As his family viewed his body, Kenyan human rights groups raised a chorus of outrage.
Data shared with the AP by a police watchdog, the Independent Medico-Legal Unit, showed 35 people were killed by police across the country in such demonstrations this month. All but one, who suffocated from tear gas, were shot dead. Most were young men.
“All the fatal shootings happened in slums,” the watchdog said.
It was not clear how much money Kalasinga made per day as he carted water through one such neighborhood in Kenya’s capital, Nairobi. Friends said he was “living hand to mouth” with his few belongings of buckets, clothes and shoes strewn across his one-roomed house made of corrugated iron sheets.
He was the oldest child in his family and never studied past primary school because of the lack of money to pay school fees. He came to Nairobi as a teenager in search of menial jobs. He was one of millions of people that President William Ruto, elected last year, described as fellow hustlers as he appealed to those of humble background and vowed to lower the cost of living.
Many Kenyans now accuse the president of making life unbearable with new taxes on fuel and other essentials, while food prices rise.
Ruto on Thursday hailed the police for a “good job” done in maintaining peace amid the protests.
A day later, as criticism rose, the president cautioned police against extrajudicial killings but warned that no public anarchy would be allowed. His administration has accused the opposition for any chaos and charged more than 300 people this week alone with crimes that include looting, destroying property and assaulting police.
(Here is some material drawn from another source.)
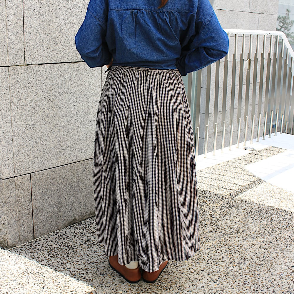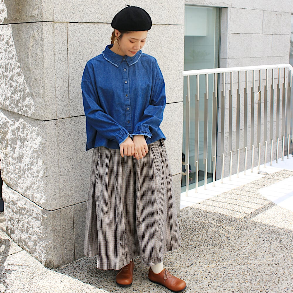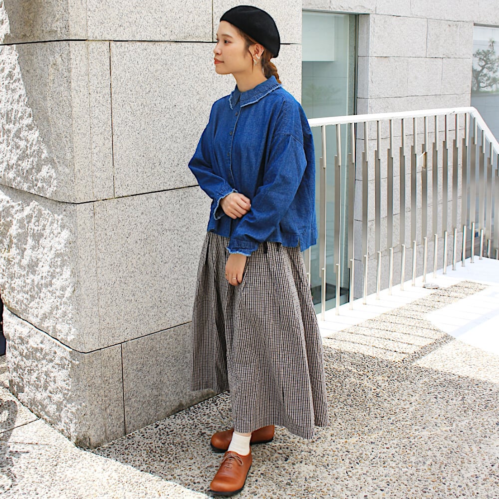 このシルエットが好きな方も多く、柄違い色違いで持ってくださってる方もいらっしゃいます。着丈は少し短めにしているので、ソックスやブーツなどでコーディネートが楽しめます。
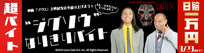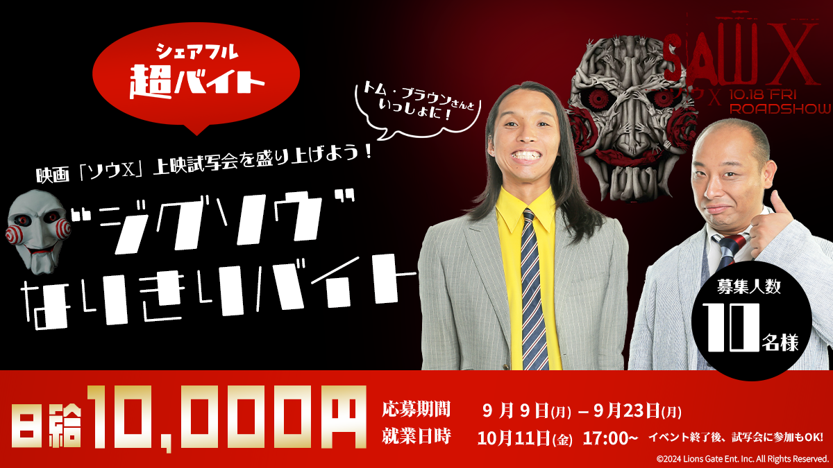 10月11日(金)に実施の映画『ソウX』公開記念試写会イベントにて、ゲストのトム・ブラウンさんと一緒に会場を盛り上げる超バイトを9月23日(月)まで募集中です。ご当選された方には当日、“ジグソウ”の仮面をつけイベントを盛り上げるお仕事をお願いします。イベント終了後の試写会にもご参加いただけるので、ホラー好きな方は上記キャンペーンとともにぜひご応募ください。

Human rights organizations expressed concern over the police killings, arbitrary arrests and detentions reported in the demonstrations this month and urged the policing oversight body to investigate and prosecute the officers found guilty.
“We are witnessing a disturbing pattern of police operation that exposes the country to civil strife and informal repression,” a joint statement by more than 20 groups said Friday, adding that “President Ruto had promised to end the era of police killer squads.”
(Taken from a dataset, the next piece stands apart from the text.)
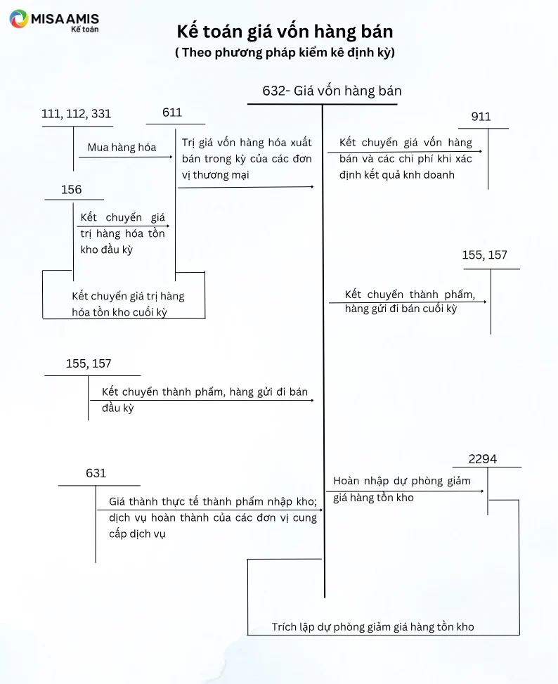 5.2. Hạch toán Tài khoản 632 Giá vốn hàng bán với doanh nghiệp kế toán hàng tồn kho theo phương pháp kiểm kê định kỳ
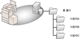 Windows(SMB) 공유 폴더에서 홈 폴더를 설정할 때는 사용자 폴더를 준비할 필요가 없습니다. 로그인 사용자 이름으로 만들어진 폴더를 홈 폴더 아래에 준비하지 못했다면 폴더가 자동으로 생성됩니다.

A separate statement by religious leaders strongly condemned the “excessive force and use of live bullets by police when containing the chaos.”
It is a longstanding problem in Kenya. For decades, police officers have been accused of extrajudicial killings during protests or with the aim of silencing critics. This week, police told the AP they had been ordered not to report deaths during the crackdown.
One of the latest victims, Kalasinga, was described by loved ones as “nonconfrontational, hardworking” and providing for his parents back home in western Kenya.
Now his family wants justice.
“We want action to be taken against the police officer who was shooting randomly. … He was a calm young man, an artist, a water vendor who was fending for himself and not a thief,” his uncle Rasto Sakulo said.
The family said it hoped well-wishers could help transport the young man’s body back to his hometown for burial, another cost they said they couldn’t afford.